### WHAT TO DO
Could you give the listing again exactly, without its pictures?

### RECORD EXTRACTS

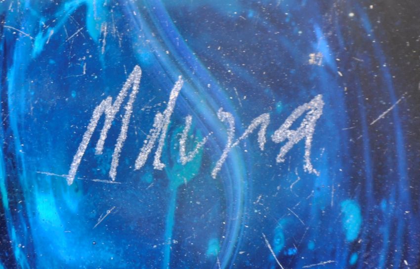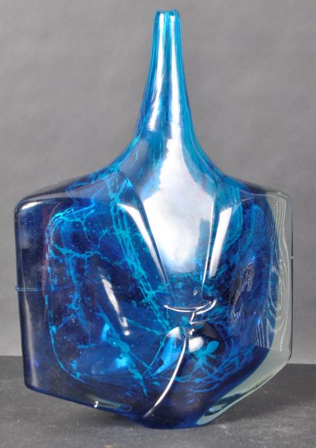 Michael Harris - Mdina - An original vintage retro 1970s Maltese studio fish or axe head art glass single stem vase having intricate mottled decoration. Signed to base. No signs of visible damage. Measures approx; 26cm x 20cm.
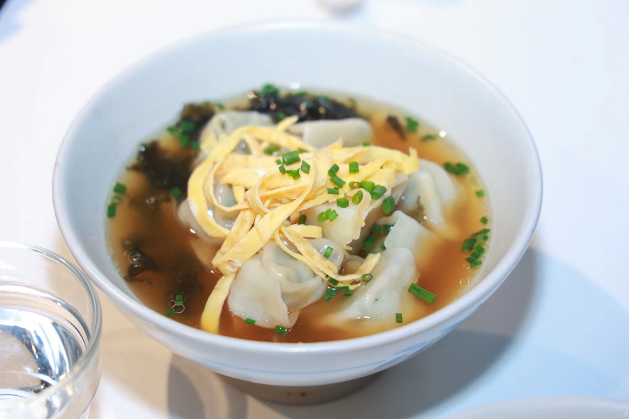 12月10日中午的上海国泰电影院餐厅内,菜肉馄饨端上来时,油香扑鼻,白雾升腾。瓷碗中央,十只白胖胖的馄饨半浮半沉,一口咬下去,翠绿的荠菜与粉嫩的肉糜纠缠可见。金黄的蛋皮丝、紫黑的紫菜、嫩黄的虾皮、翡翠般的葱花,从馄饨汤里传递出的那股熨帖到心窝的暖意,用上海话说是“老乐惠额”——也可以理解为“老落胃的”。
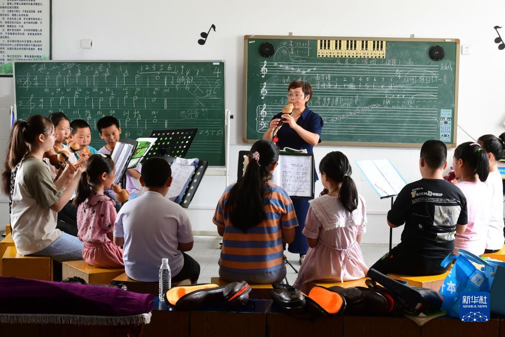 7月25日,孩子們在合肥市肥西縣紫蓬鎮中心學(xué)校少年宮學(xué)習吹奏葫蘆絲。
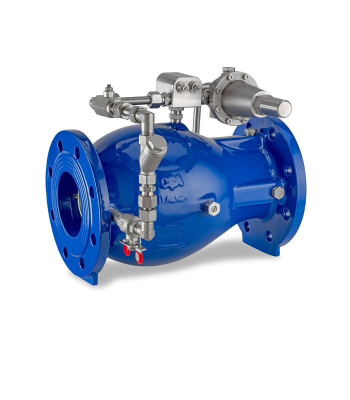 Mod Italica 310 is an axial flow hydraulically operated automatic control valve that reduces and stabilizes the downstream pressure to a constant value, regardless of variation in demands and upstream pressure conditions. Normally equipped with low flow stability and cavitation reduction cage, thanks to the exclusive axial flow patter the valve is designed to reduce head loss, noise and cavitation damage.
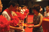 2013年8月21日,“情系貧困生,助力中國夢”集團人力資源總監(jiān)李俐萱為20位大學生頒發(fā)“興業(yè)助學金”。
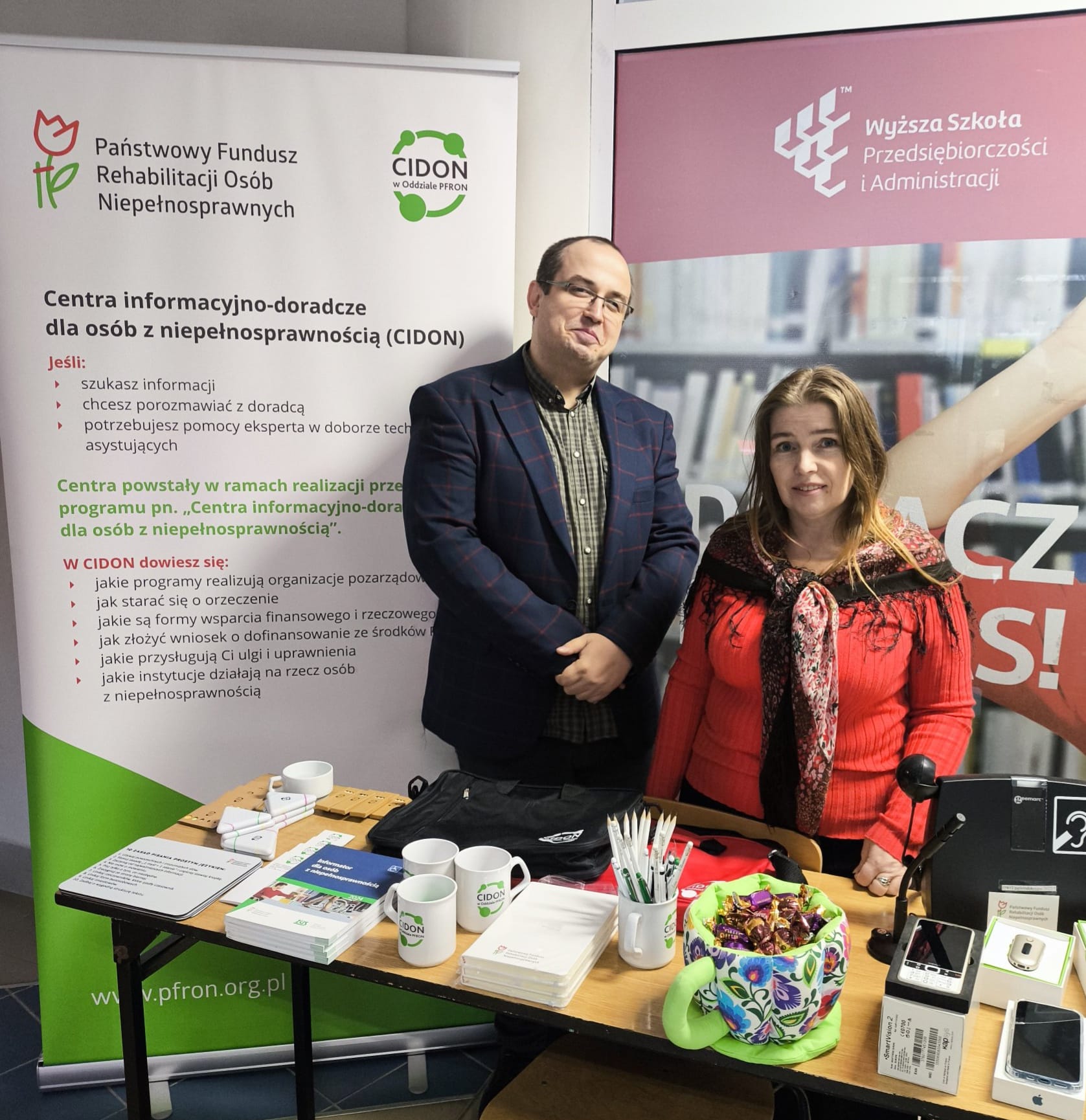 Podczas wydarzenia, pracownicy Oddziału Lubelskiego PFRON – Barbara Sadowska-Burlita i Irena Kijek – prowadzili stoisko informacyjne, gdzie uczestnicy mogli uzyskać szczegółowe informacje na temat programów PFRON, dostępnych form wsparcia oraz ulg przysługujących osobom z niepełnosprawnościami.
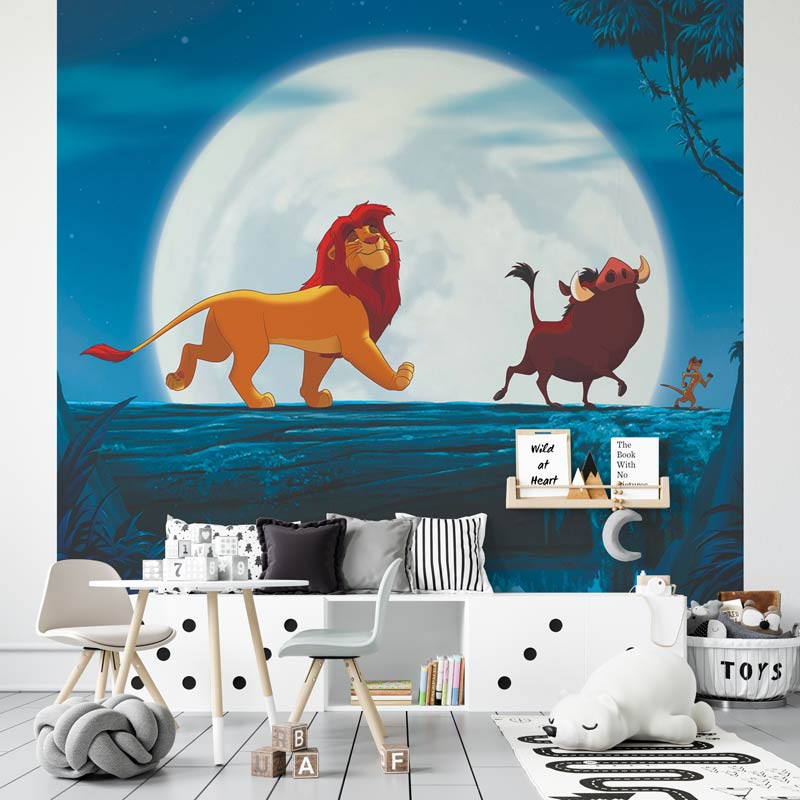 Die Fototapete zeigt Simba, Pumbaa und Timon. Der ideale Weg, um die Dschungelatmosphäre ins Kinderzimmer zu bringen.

### TASK ANSWER
 Michael Harris - Mdina - An original vintage retro 1970s Maltese studio fish or axe head art glass single stem vase having intricate mottled decoration. Signed to base. No signs of visible damage. Measures approx; 26cm x 20cm.
 12月10日中午的上海国泰电影院餐厅内,菜肉馄饨端上来时,油香扑鼻,白雾升腾。瓷碗中央,十只白胖胖的馄饨半浮半沉,一口咬下去,翠绿的荠菜与粉嫩的肉糜纠缠可见。金黄的蛋皮丝、紫黑的紫菜、嫩黄的虾皮、翡翠般的葱花,从馄饨汤里传递出的那股熨帖到心窝的暖意,用上海话说是“老乐惠额”——也可以理解为“老落胃的”。
 7月25日,孩子們在合肥市肥西縣紫蓬鎮中心學(xué)校少年宮學(xué)習吹奏葫蘆絲。
 Mod Italica 310 is an axial flow hydraulically operated automatic control valve that reduces and stabilizes the downstream pressure to a constant value, regardless of variation in demands and upstream pressure conditions. Normally equipped with low flow stability and cavitation reduction cage, thanks to the exclusive axial flow patter the valve is designed to reduce head loss, noise and cavitation damage.
 2013年8月21日,“情系貧困生,助力中國夢”集團人力資源總監(jiān)李俐萱為20位大學生頒發(fā)“興業(yè)助學金”。
 Podczas wydarzenia, pracownicy Oddziału Lubelskiego PFRON – Barbara Sadowska-Burlita i Irena Kijek – prowadzili stoisko informacyjne, gdzie uczestnicy mogli uzyskać szczegółowe informacje na temat programów PFRON, dostępnych form wsparcia oraz ulg przysługujących osobom z niepełnosprawnościami.
 Die Fototapete zeigt Simba, Pumbaa und Timon. Der ideale Weg, um die Dschungelatmosphäre ins Kinderzimmer zu bringen.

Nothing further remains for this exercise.